Bishop Mathes has said that the church of the future will look a lot like the church of the first century. That may be an abstract concept to twenty-first-century Californians, but my family had the opportunity to experience first-hand what, perhaps, the first century church might have looked like, and it was beautiful! We traveled to Kenya with a group from Daybreak, a church in Carlsbad, who were visiting at the request of a Masai pastor to help him teach his fellow pastors how to plant churches.

This seminar had no PowerPoint slides, no handouts, no computers and no whiteboards; in fact there wasn’t even any electricity or running water! This was definitely what I imagine a first-century gathering would have looked like. As described in the book of Acts, the first-century church was a place from which ordinary people went boldly into the world to proclaim the gospel, heal the sick, feed the poor, and defend the marginalized. They were persecuted, yet they were so filled with the Holy Spirit that they couldn’t keep the gospel to themselves. Church in America has become a social club, a place where believers gather and have fellowship once a week, and then go live their lives unaffected by the gospel. To the people of the first century, and to the Masai, spreading the gospel is something they live for and do every moment of every day. Serving others and sharing what little they have is a part of everyday life.

Pastor Daniel, who was hosting the seminar in in his church (picture a concrete block, tin roof, no glass in the windows), had at his disposal – a cell phone. That’s it! No office staff, no copy machine, and no brochures. His cell phone, charged by solar power, was the only modern tool he had to gather people from across the Masai Mara – a vast and unforgiving savanna – for a seminar.

The day before the seminar, a few people started arriving – on foot. They walked across the mara with nothing but the clothes they were wearing and a walking stick. Imagine our surprise and absolute thrill when there were 90 pastors gathered in the yard! Most of them arrived by foot; some walked for several days. They longed to start a church in their villages. They were filled with excitement and the Holy Spirit, praying, thanking God, loving one another. I could see, in my mind’s eye, St. Paul and the early Christians in the faces of the Masai – with no electricity and no running water – but so much love and genuine affection.

Many of the Masai live in small villages which consist of nothing more than a circle of mud and twig huts, with the gaps between huts filled in with prickly brush. The circular structure and prickly brush protect the people and their livestock from lions, hyenas and cheetahs. As the Masai are nomadic herders, their villages are meant to be left behind. The Kenyan government has built some schools for the Masai, but fixed buildings for a nomadic people does not work, so attendance is sparse at best.

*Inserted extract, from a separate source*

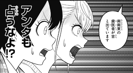 外で待機していた2人が、占いの内容を聞いて反応しています。歯痛は歯医者に相談すべきだし、歯医者はネットで調べれば済むことだし、なかなか予約が取れない占い師さんなのにその相談は勿体無いと。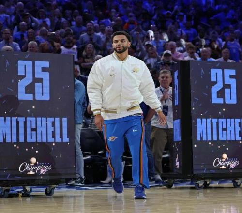 數(shù)據(jù)更能說明問題:米切爾在場時,雷霆百回合凈勝16.0分;他不在場,凈勝7.5分。8.5分的差距,對于一支爭冠球隊來說,是替補深度最重要的體現(xiàn)。

What does it mean to plant a church in a circle of huts among people who will soon pick up and move? The church, or the body of Christ, is the hands and feet of Jesus in the world, not a building we go to on Sunday. Pastor Daniel, who had the good fortune to have a church building, felt it should be used to spread the gospel. During the seminar, the entire community was invited to eat lunch. Anyone is welcome, at any time, to draw water from the well on church property. The church offers a free school to those who cannot afford tuition. The pastor’s office is full of sewing machines that local women use to sew aprons to sell at safari resorts. The community comes and goes, gathering for fellowship or to cook meals.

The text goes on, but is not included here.